In the data below, find the line containing "7月30日,天水市共青團系統"; transcribe it and each line after it exactly, through the last, skipping pictures.

**Collected data**
[Start of section]

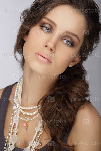 Красивая модель позирует на сером фоне
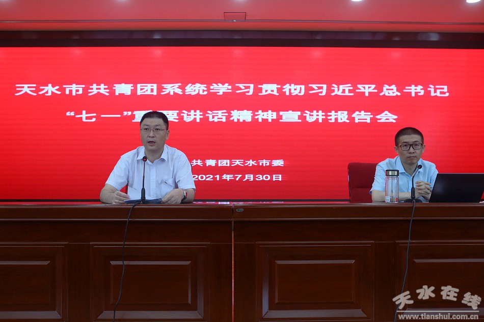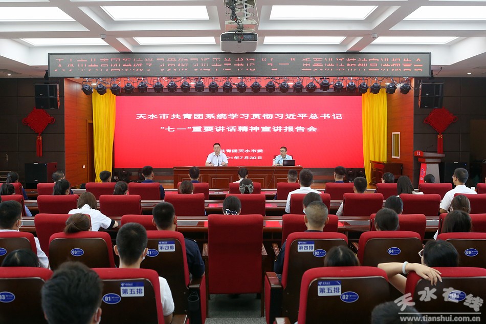 7月30日,天水市共青團系統(tǒng)舉行學習貫徹習近平總書記“七一”重要講話精神宣講報告會。報告會邀請市委講師團成員、市委黨校黨史與黨建教研室副主任、講師侯強強作了《以史為鑒 開創(chuàng)未來——深入學習習近平總書記“七一”重要講話精神》的專題報告。
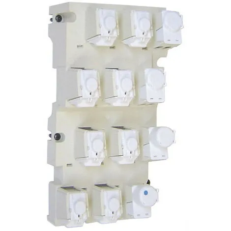 Grille de fausse coupure CIBE. Raccordement en fausse coupure de 2 câbles réseau 50² à 150² et 2 dérivations triphasées de branchement 35² à perforation d’isolant. Réalimentation par 4 prises M12.

[End of section]

**Response**
 7月30日,天水市共青團系統(tǒng)舉行學習貫徹習近平總書記“七一”重要講話精神宣講報告會。報告會邀請市委講師團成員、市委黨校黨史與黨建教研室副主任、講師侯強強作了《以史為鑒 開創(chuàng)未來——深入學習習近平總書記“七一”重要講話精神》的專題報告。
 Grille de fausse coupure CIBE. Raccordement en fausse coupure de 2 câbles réseau 50² à 150² et 2 dérivations triphasées de branchement 35² à perforation d’isolant. Réalimentation par 4 prises M12.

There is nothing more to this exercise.